However, BBB penetration is observed for HIV protease inhibitors and that was a criteria for those of us working in the area. (I also suspect that PGP plays a role in that transfer but I don't know for sure.) I have also wondered whether sub-efficacious levels in the CNS has contributed to viral resistance to these drugs. (If I had Scifinder, I could look it up.)

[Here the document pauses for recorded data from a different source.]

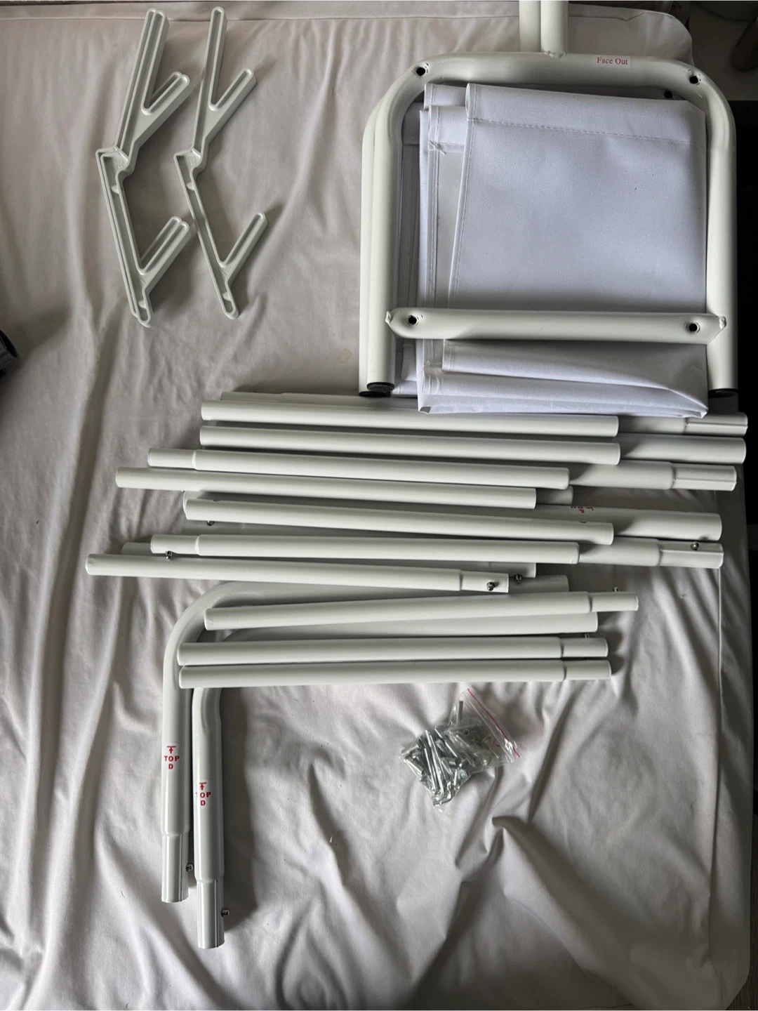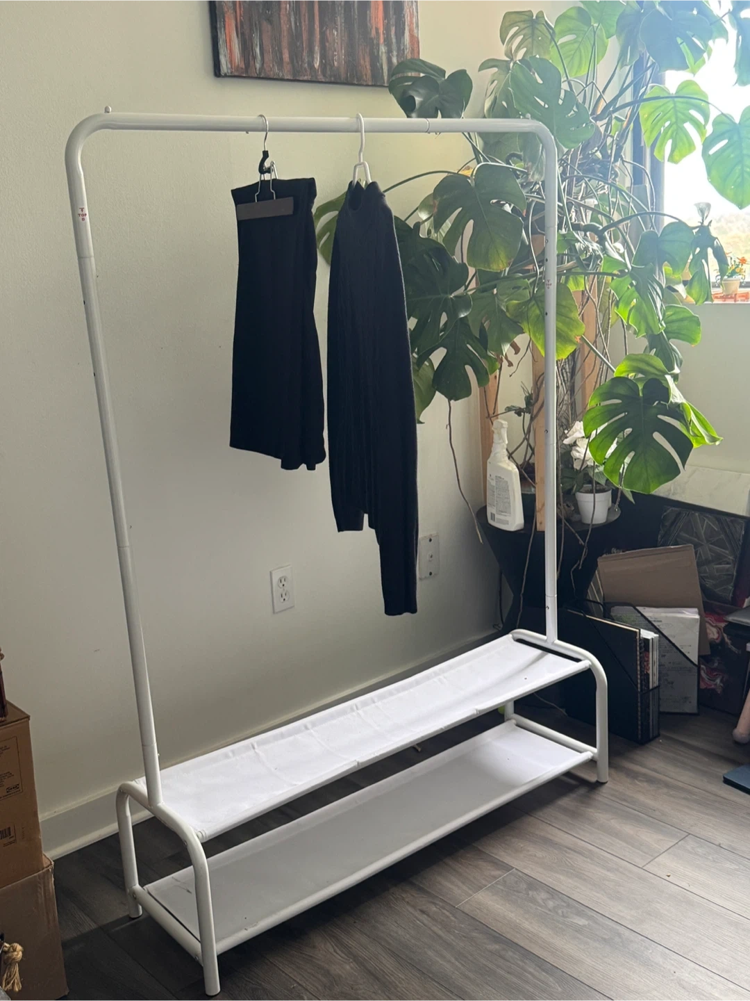 Selling a white IKEA RIGGA clothes rack! It's in great shape and ready to help organize your clothes. Easy to assemble and disassemble, making it perfect for small spaces or moving. The rack includes a shelf at the bottom for shoes or storage boxes. Get your wardrobe sorted with this handy piece!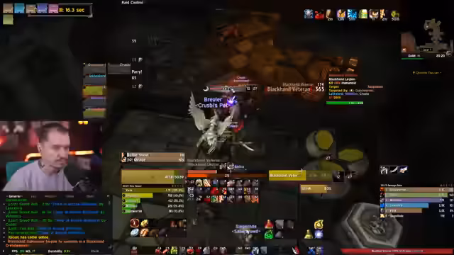 06:46:58Die Gruppe betritt nun UBRS und beginnt mit der Kämpfe gegen die Mobs vor dem ersten Boss. Der Streamer beschreibt die Pull-Strategie und die Verteilung der Rollen. Es wird ein 'CC Theaterstück' erwähnt, das die Kontrolle der Gegner erfordert. Die Gruppe muss aufmerksam bleiben, da jederzeit Assassinen aus dem Hinterhalt auftauchen können, und der Streamer legt Falle an kritischen Punkten, um diese abzuwehren.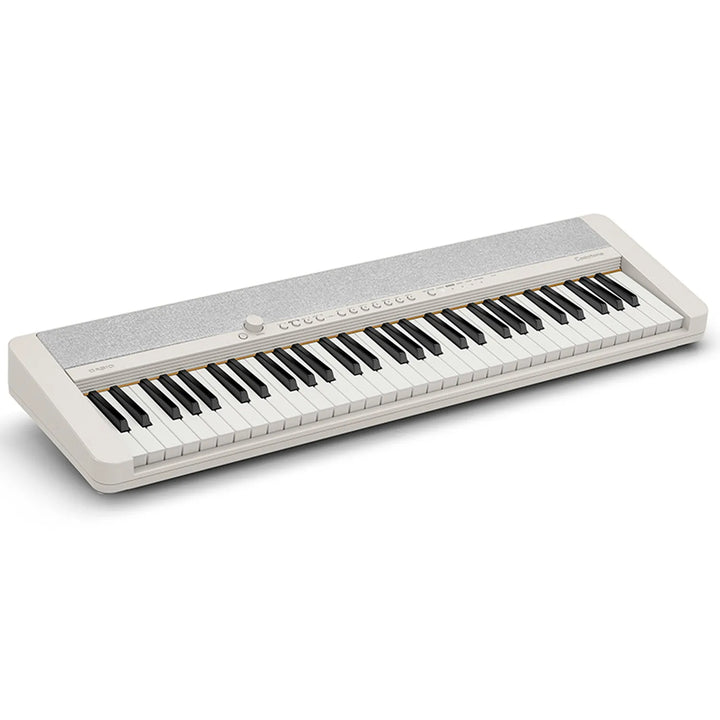 El compacto diseño del CT-S1 garantiza que tu música siempre te acompañe para tocar en cualquier momento y lugar, con la máxima facilidad. Sin preparativos. Fácil de guardar. Música e innovación siempre al alcance de tu mano. Su estilizado diseño cabe en cualquier espacio, para que puedas cambiar tu forma de tocar según tu estado de ánimo gracias a una forma que se adapta a todo tipo de espacios reducidos. Incluso incluye pasadores para que le pongas una correa y toques sin un soporte o una mesa. Tanto si estás en el sofá rodeado de tu familia o descansando en tu dormitorio, toca donde y cuando te apetezca.
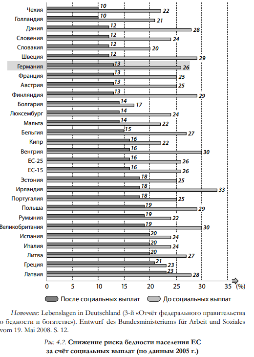 Рис. 4.2. Снижение риска бедности населения EC за счёт социальных выплат (по данным 2005 г.)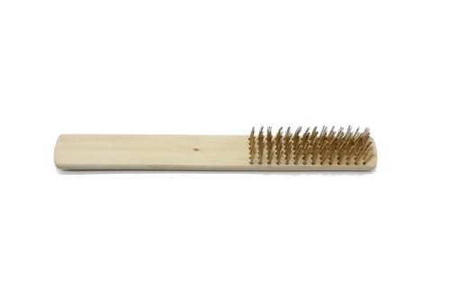 Sześciorzędowa szczotka wykonana z mosiężnego drutu o grubości 0,10 mm w drewnianym uchwycie. Doskonały do czyszczenia lub teksturowania powierzchni na miękkich metalach.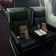 ファーストクラスシートは、B787-8より一足早くデビューしたA350-900と同じタイプで国際線ビジネスクラスのようなシェル型で電動リクライニングとマッサージが付いてます。

I guess I don't understand whether you're looking for this journal to demonstrate in vivo efficacy in an animal model or just getting on board. Where would you draw the line? For some areas, like HIV, there isn't any reasonable animal model to test. You look at everything you can and hope for the best based on all of your data. Also, small changes in those in vitro assays can dramatically alter their potencies and can be very predicitive of human efficacy. Once again, I can site examples in the HIV area where a compound was micromolar in one assay and nanomolar in another. The compound had good PK but failed in trials. Turns out that if you cut back on your Il-2, your compounds look a LOT more potent than they really are since Il-2 stimulates lymphocyte proliferation. (That's how you polish a turd and sell it to people with no drug discovery experience for 720 million dollars!)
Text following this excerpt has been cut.